The Land and Water Conservation Fund, signed into law 50 years ago, has played a role in providing additions to national parks, national wildlife refuges and national forests, and has contributed to habitat preservation. "In Washington state," Cantwell said, "the LWCF has helped preserve places like the Columbia River Gorge, Lake Chelan, and Olympic National Park, and it has improved management of our public lands." The fund also provides matching grants to states and communities so they can create and protect local parks, trails and greenspaces.
But despite boasting a long list of successes and playing a vital role in the conservation of wilderness areas, the Land and Water Conservation Fund has become a target for critics in the Republican-led Congress. Both the Senate and the House have passed nonbinding resolutions that would allow for the transfer of federal public lands to the states, with the exception of national parks and monuments. In other words, there are some in Congress who see no problem with land now owned by all of the people potentially being auctioned off by a cash-strapped state. In other words, there are some in Congress who believe that allowing "increased resource production" — as called for in the House resolution — is preferable to unfettered, pristine natural beauty.
Today, Cantwell's committee, chaired by Lisa Murkowski, R-Alaska, will hear testimony "on the reauthorization of and potential reforms to" the fund, and we'll make this easy for them: The Land and Water Conservation Fund should be permanently reauthorized before it expires in September. A bill currently in the House would provide such reauthorization, and it borrows language from a Senate bill sponsored by Cantwell earlier this year. Rep. Dave Reichert, R-Wash., is the only Northwest representative who has signed on to the proposal thus far, and we urge Rep. Jaime Herrera Beutler, R-Camas, and other regional representatives to lend their support.
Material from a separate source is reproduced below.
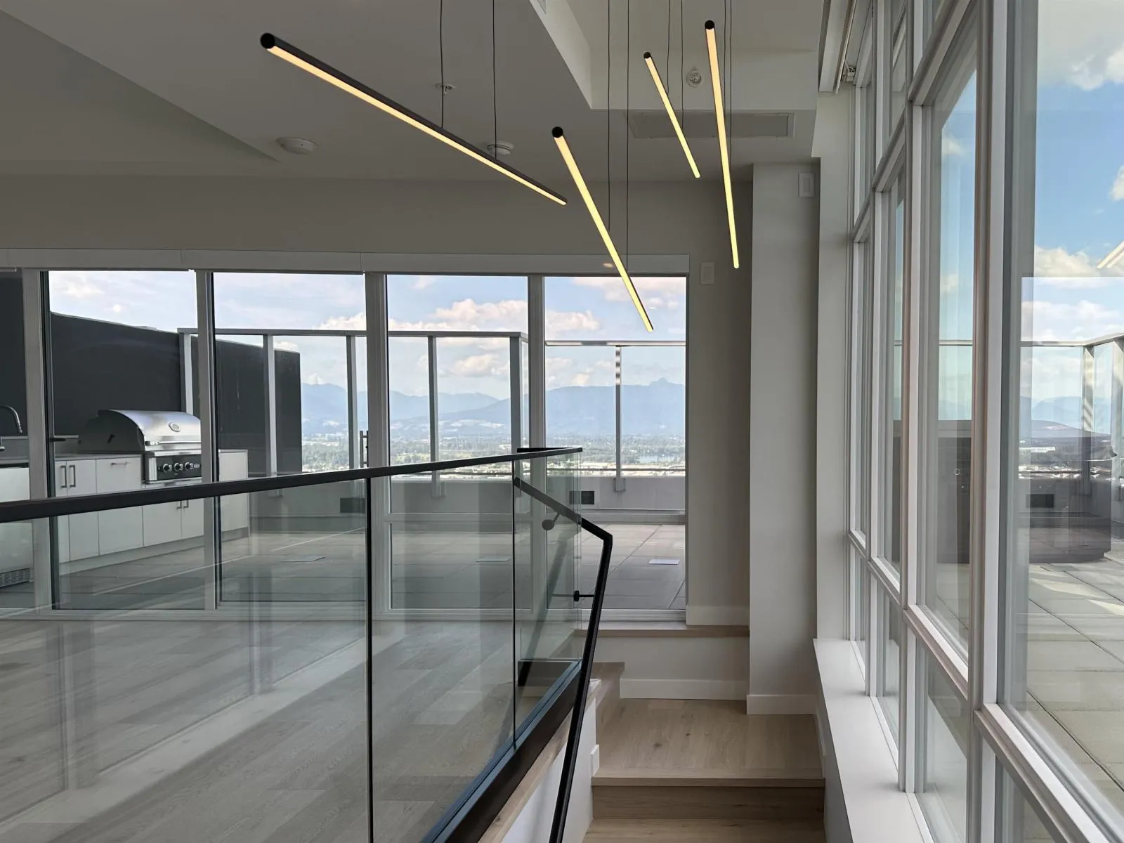 The Penthouses at the Towers! Langley's ONLY high rises. Breathtaking mountain views from this NE facing 34th level, 2 storey penthouse. 2 bedrooms plus flex (could be a 3rd bedroom), 3 full and 1 half baths. Incredible finishes including Fulgor Milano professional kitchen appliances, Jenn-Air built in beverage system, a wine fridge, pot filler and oversized island looking out to the incredible view. The floor lit, glass railed stairwell leads you upstairs to your open loft with a full bathroom and sliding glass doors to the incredible outdoor living area with kitchen, hot tub and ample outdoor entertaining space. Viewing by appointment only Saturday through Wednesday. (id:27476)

Meanwhile, the debate in Congress is disconcerting to supporters of the fund. For example, the buzz word of "reforms" in the committee's hearing agenda all too often means budget cuts that gut programs regardless of their proven effectiveness.
The Land and Water Conservation Fund is supported not through taxes, but primarily through fees on companies that drill for oil and gas on the continent's outer shelf. As Wilderness.org explains, "The Land and Water Conservation Fund is based on a simple idea: When you deplete the earth's finite natural resources, some of the proceeds should pay to strengthen conservation." Since the 1970s, funding has been set at $900 million annually, but money routinely has been diverted away from the fund and used for other purposes.
All of this is problematic for a fund that helps ensure the wilderness and the public access that help define the United States. Having vast swaths of land owned by the people and for the people is sacrosanct and should be protected by Congress.